PROVIDED INFORMATION section start

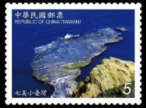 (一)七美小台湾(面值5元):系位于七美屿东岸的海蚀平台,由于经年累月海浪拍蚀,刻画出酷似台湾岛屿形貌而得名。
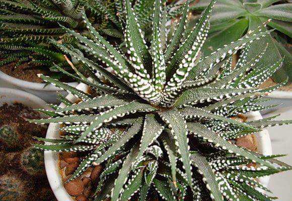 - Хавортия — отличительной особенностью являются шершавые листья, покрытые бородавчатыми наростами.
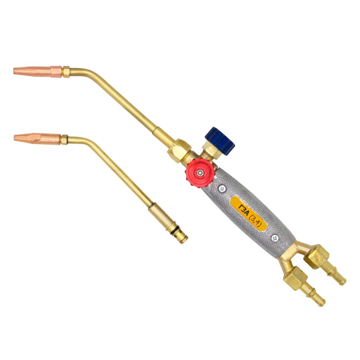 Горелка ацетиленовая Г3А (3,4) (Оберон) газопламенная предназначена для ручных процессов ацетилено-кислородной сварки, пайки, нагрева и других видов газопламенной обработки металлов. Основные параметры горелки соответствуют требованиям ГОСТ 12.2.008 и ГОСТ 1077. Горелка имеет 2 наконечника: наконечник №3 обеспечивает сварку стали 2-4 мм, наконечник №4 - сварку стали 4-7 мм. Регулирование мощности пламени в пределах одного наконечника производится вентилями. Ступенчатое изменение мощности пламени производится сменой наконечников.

PROVIDED INFORMATION section end
PROVIDED INFORMATION section start

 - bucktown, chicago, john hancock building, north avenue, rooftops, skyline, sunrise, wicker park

PROVIDED INFORMATION section end

AIM OF THE TASK: The response must repeat exactly the lines above from the one with "(一)七美小台湾(面值5元)" through the one with "Горелка ацетиленовая Г3А", including both, and must contain no pictures and no other text.

OUTPUT OF THE EXERCISE:
 (一)七美小台湾(面值5元):系位于七美屿东岸的海蚀平台,由于经年累月海浪拍蚀,刻画出酷似台湾岛屿形貌而得名。
 - Хавортия — отличительной особенностью являются шершавые листья, покрытые бородавчатыми наростами.
 Горелка ацетиленовая Г3А (3,4) (Оберон) газопламенная предназначена для ручных процессов ацетилено-кислородной сварки, пайки, нагрева и других видов газопламенной обработки металлов. Основные параметры горелки соответствуют требованиям ГОСТ 12.2.008 и ГОСТ 1077. Горелка имеет 2 наконечника: наконечник №3 обеспечивает сварку стали 2-4 мм, наконечник №4 - сварку стали 4-7 мм. Регулирование мощности пламени в пределах одного наконечника производится вентилями. Ступенчатое изменение мощности пламени производится сменой наконечников.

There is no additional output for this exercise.